Yesterday AJ and I had our first Prenatal Appointment. We were both terrified as we've had a previous loss and we didn't have any idea of what to expect. Dr. Skiles, (who is so awesome by the way,) came in the room and just immediately started with an ultrasound. It took her about 2 seconds and she found our little bean. They had to zoom in because it's still early, but we were able to see the tiny heartbeat fluttering away. AJ said it looked like a little butterfly. I was so in awe of it that I couldn't even cry! (Don't worry, I did that in the car afterwards, lol) She double-checked and there was only one (whew!) since there was some speculation that there could be more because of the fertility meds I was on. Afterwards, AJ just had this light in his eyes that I have never seen before. He is very excited, I could tell that by the way he was looking at the ultrasound, and at me. Unfortunately we didn't get a picture because we were on the portable ultrasound machine. Next time I'll bring my camera just in case we do another ultrasound with that machine again.

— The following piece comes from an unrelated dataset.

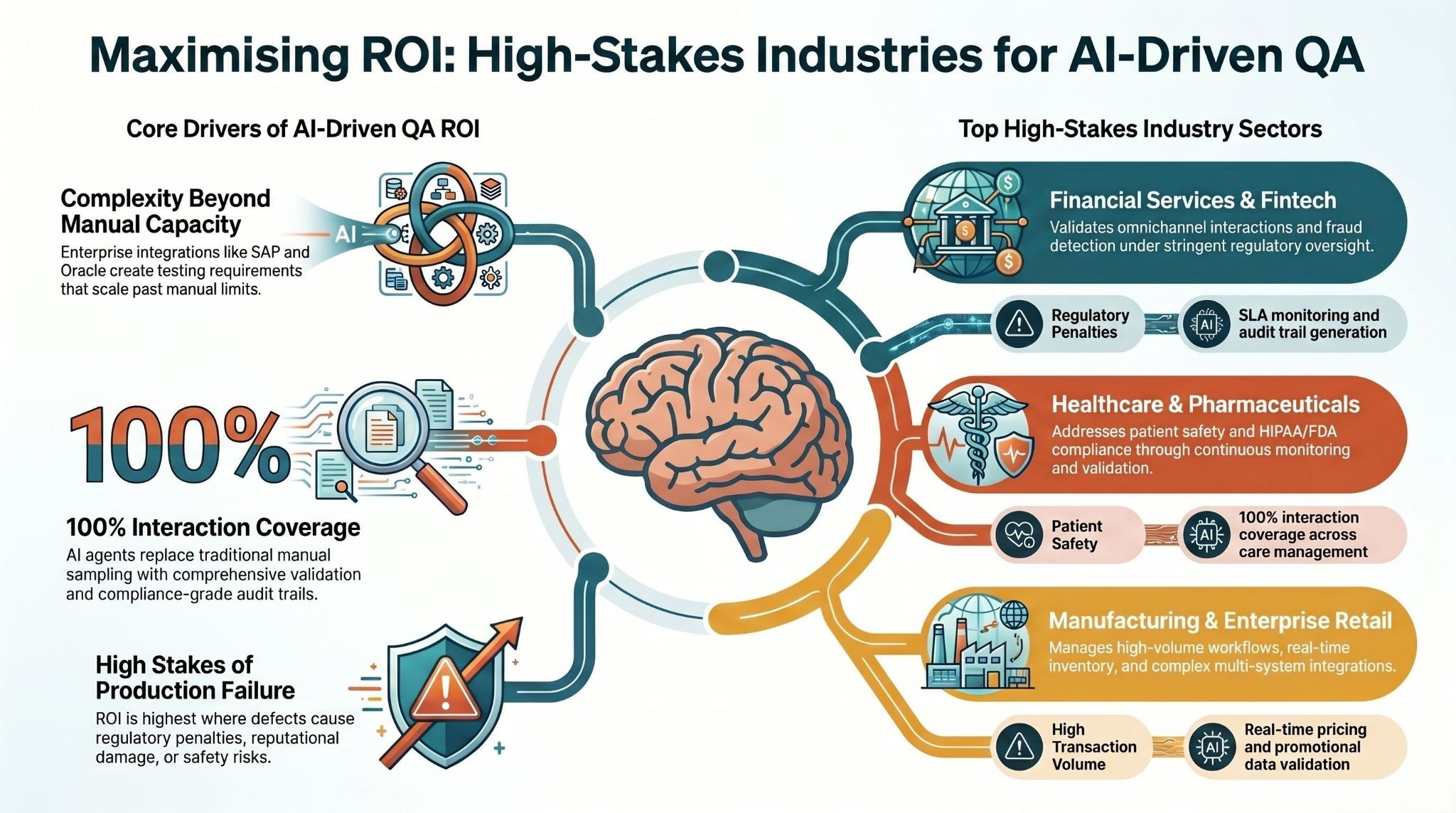 Not all industries benefit equally from AI agents in QA testing. The highest ROI concentrates in environments where application complexity is high, compliance requirements are strict, integration depth is significant, and the cost of a defect reaching production is severe.

The Dr. gave me my due date as July 28th! My next appointment is January 5th, and I can't wait for that since I will almost be out of the first trimester. I will breathe a major sigh of relief when that date passes. Now that I know that things are going smoothly right now, I feel like I have all this excitement in me! I'm still afraid to let it out yet because we are not completely out of the woods, though there is light at the end of the tunnel. Plus I am much sicker this time than I was with my loss, so I feel like things are progressing nicely. (Funny that I should be happy about being sick, lol.)

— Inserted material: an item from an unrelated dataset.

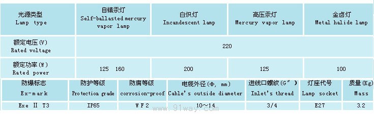BAD52-e系列增安型防爆防腐燈(e)技術(shù)參數(shù)

Other than that, I got some interesting news yesterday. My little brother (who is 17) accidentally got his girlfriend pregnant. She is due on August 3rd. They also had an ultrasound yesterday. (I didn't find out about this until after my appointment.) I'm not sure how I feel about this. I'm very disapointed in my brother because he should have thought about the consequences of his actions, but mostly I am sad for him, I don't think he realizes that his days of running around and being stupid are over now, they HAVE to be over. He has to grow up and he has to do it in the next eight months.
Well anyways, besides that drama, I am exhausted lately and my house is showing it. It is a mess right now and I just don't have the energy to clean it. It's just cluttered more than dirty. I do manage to keep the kitchen clean and the dishes done. It's just all the clutter everywhere else and all the dirty clothes I need to wash... I'm definately ready for my energy back. Well I had better go tackle some of that housework while I have the energy to do it and before I get start to feel queasy!